IVIg therapy gains the upper hand in ProDERM

Results of the phase III, placebo-controlled ProDERM trial reported at EULAR 2021 showed significant efficacy and acceptable safety for immunoglobulin therapy given intravenously (IVIg) to patients with dermatomyositis – a systemic autoimmune disease marked by progressive proximal muscle weakness and a distinctive skin rash.  

At week 16, the response rates were 78.7 percent and 43.8 percent (p=0.0008) for IVIg and placebo, respectively. “The effects of IVIg on the muscle and the skin were both highly statistically significant,” said study investigator Dr Rohit Aggarwal, medical director of the Arthritis and Autoimmunity Center at the University of Pittsburgh in Pittsburgh, Pennsylvania, US.

The CDASI* score, a tool used to assess disease activity, was reduced by almost half at 16 weeks in those treated with IVIg. Improvement in MMT-8** scores, a set of 8 designated muscles tested unilaterally (range of 0–80 where 0=worst and 80=best), were also clinically and statistically significant in these patients. (EULAR 2021, abstract OP0008]

Results eagerly awaited

Session moderator Dr Hendrik Schulze-Koops from Ludwig Maximilian University of Munich in Munich, Germany, who is unaffiliated with the study, said ProDERM is a much-awaited trial. Admittedly, he said rheumatologists have been doing “what we have been doing, but we had no evidence for support.” He added that IVIg is listed among treatment options by the US Myositis Association despite the absence of controlled studies, as well as most immunosuppressive therapies used for this disease that is affecting both children and adults.

ProDERM included over 90 patients with dermatomyositis who were randomly assigned to 2 g/kg of IVIg or placebo given every 4 weeks. The mean age of the patients was 53 and 75 percent were women.

At 16 weeks, the mean Total Improvement Score (TIS) was more than doubled in those receiving IVIg vs placebo (48.4 vs 21.6). Patients who had not worsened while on IVIG treatment and those on placebo entered the open-label extension period of 24 weeks.
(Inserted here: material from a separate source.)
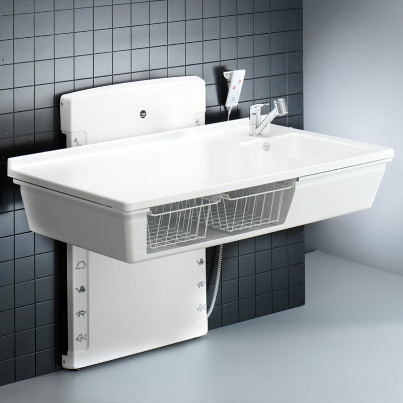 Pressalit Wickeltisch wandhängend 80 x 140 cm bodennah höhenverstellbar, mit sanitären Artikeln
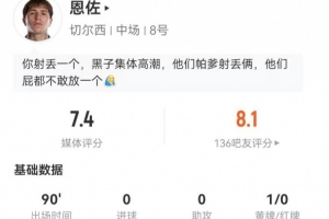 nba直播12月28日讯 切尔西在本轮英超1-2被维拉逆转,恩佐本场数据如下:

By 12 weeks, the mean TIS score in the IVIg group jumped to 54 vs 44.4 for those initially on placebo but had switched to IVIg.
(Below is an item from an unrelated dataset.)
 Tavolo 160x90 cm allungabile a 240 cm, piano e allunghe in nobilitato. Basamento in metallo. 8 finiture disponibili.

At the end of the 24-week extension phase, the mean TIS scores were almost comparable between groups (55.4 for those on IVIg for 40 weeks vs 51.1 for those who started with placebo and then switched to IVIg).

Tolerable safety profile

The most common side effects reported were headache, pyrexia, and nausea, which were the same side effects reported for IVIg in other studies. Those were generally mild though, according to Aggarwal.
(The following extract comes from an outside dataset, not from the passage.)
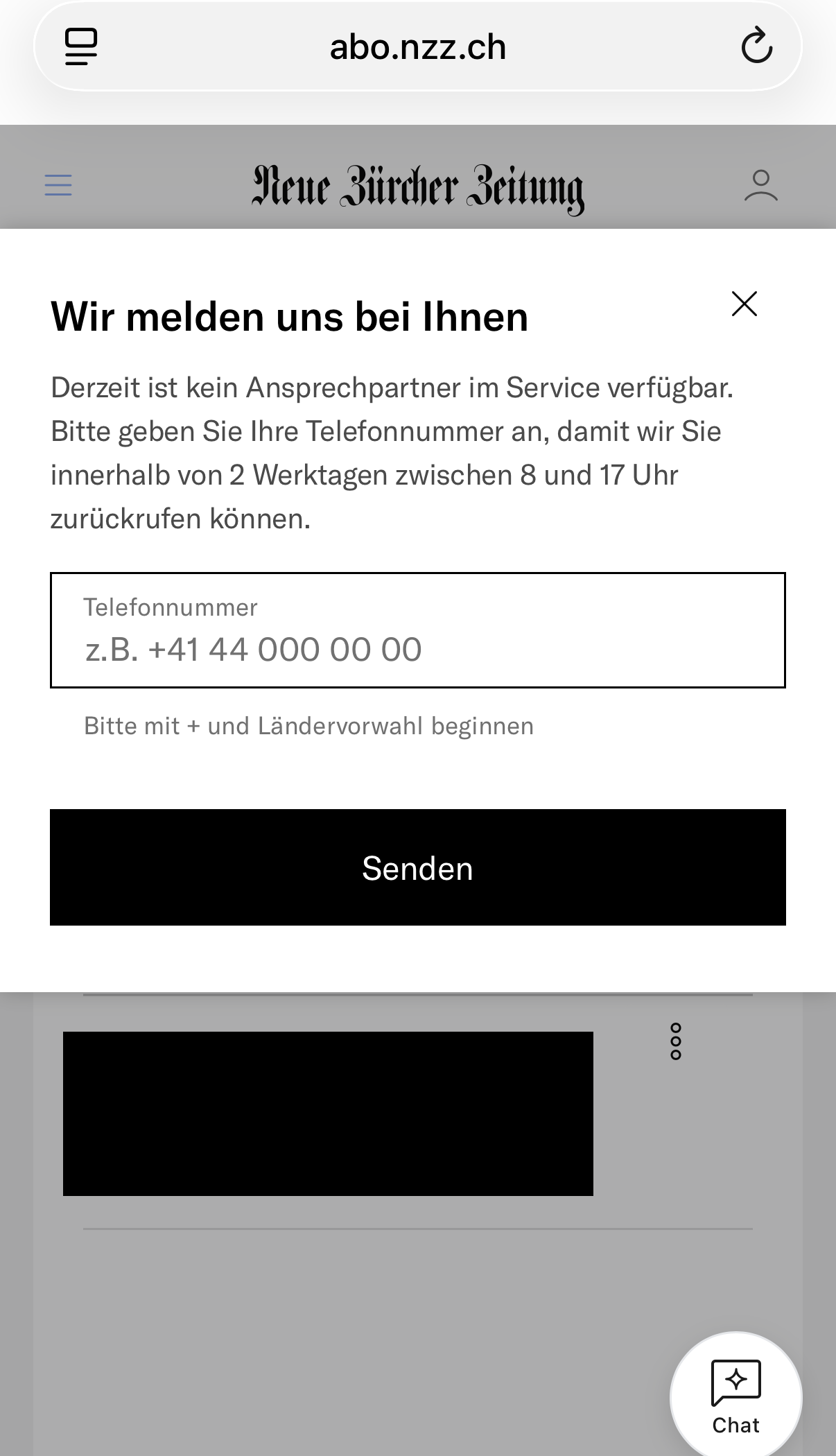 Bei der #NZZ kann man Abonnements nicht mehr direkt kündigen, sondern muss – zu Bürozeiten! – mit einem Menschen über seinen «Kündigungswunsch» chatten … 🤦🏻‍♂️

The rate of serious adverse events was only slightly higher for IVIg (5.8 percent vs 4.2 percent).

Potential new indication

The proprietary IVIg (Octagam 10%) used in ProDERM is approved in the US for the treatment of chronic immune thrombocytopenic purpura. Its manufacturer is set to file a supplemental new drug application with the US Food and Drug Administration for dermatomyositis. Earlier, the European Medicines Agency has greenlighted the agent for the same condition, Aggarwal shared.